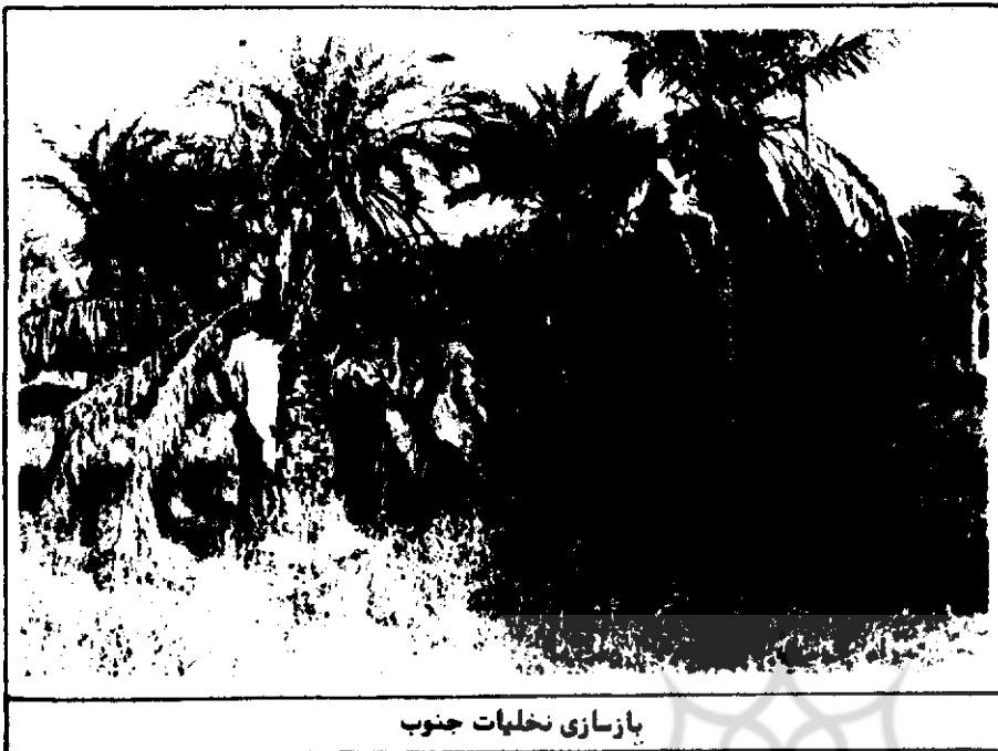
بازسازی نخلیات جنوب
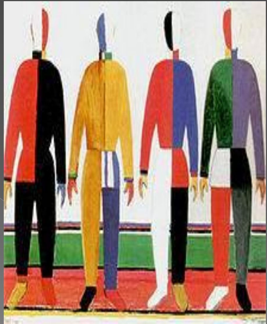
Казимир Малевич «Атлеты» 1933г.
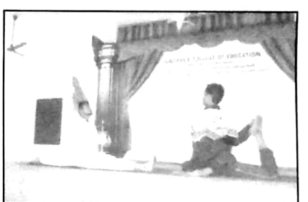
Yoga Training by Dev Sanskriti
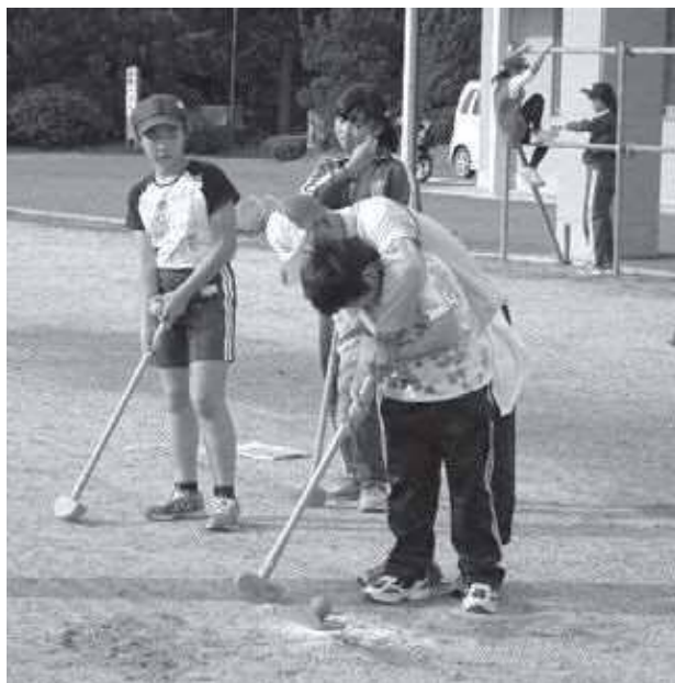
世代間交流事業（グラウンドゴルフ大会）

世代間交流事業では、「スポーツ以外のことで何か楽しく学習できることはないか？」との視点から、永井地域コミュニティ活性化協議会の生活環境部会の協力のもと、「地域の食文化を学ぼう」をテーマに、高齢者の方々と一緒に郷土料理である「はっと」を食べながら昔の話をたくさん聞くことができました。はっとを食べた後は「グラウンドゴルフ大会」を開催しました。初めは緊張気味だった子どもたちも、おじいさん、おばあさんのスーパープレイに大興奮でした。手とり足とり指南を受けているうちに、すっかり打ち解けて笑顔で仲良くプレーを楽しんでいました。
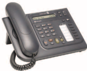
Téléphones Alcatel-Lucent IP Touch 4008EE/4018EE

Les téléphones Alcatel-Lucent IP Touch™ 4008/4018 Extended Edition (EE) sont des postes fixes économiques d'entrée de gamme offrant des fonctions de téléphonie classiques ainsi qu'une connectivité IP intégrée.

▶ _Prompt_
Produce the data again character for character, with the images left out.

▶ _Task response_
بازسازی نخلیات جنوب
Казимир Малевич «Атлеты» 1933г.
Yoga Training by Dev Sanskriti
世代間交流事業（グラウンドゴルフ大会）

世代間交流事業では、「スポーツ以外のことで何か楽しく学習できることはないか？」との視点から、永井地域コミュニティ活性化協議会の生活環境部会の協力のもと、「地域の食文化を学ぼう」をテーマに、高齢者の方々と一緒に郷土料理である「はっと」を食べながら昔の話をたくさん聞くことができました。はっとを食べた後は「グラウンドゴルフ大会」を開催しました。初めは緊張気味だった子どもたちも、おじいさん、おばあさんのスーパープレイに大興奮でした。手とり足とり指南を受けているうちに、すっかり打ち解けて笑顔で仲良くプレーを楽しんでいました。
Téléphones Alcatel-Lucent IP Touch 4008EE/4018EE

Les téléphones Alcatel-Lucent IP Touch™ 4008/4018 Extended Edition (EE) sont des postes fixes économiques d'entrée de gamme offrant des fonctions de téléphonie classiques ainsi qu'une connectivité IP intégrée.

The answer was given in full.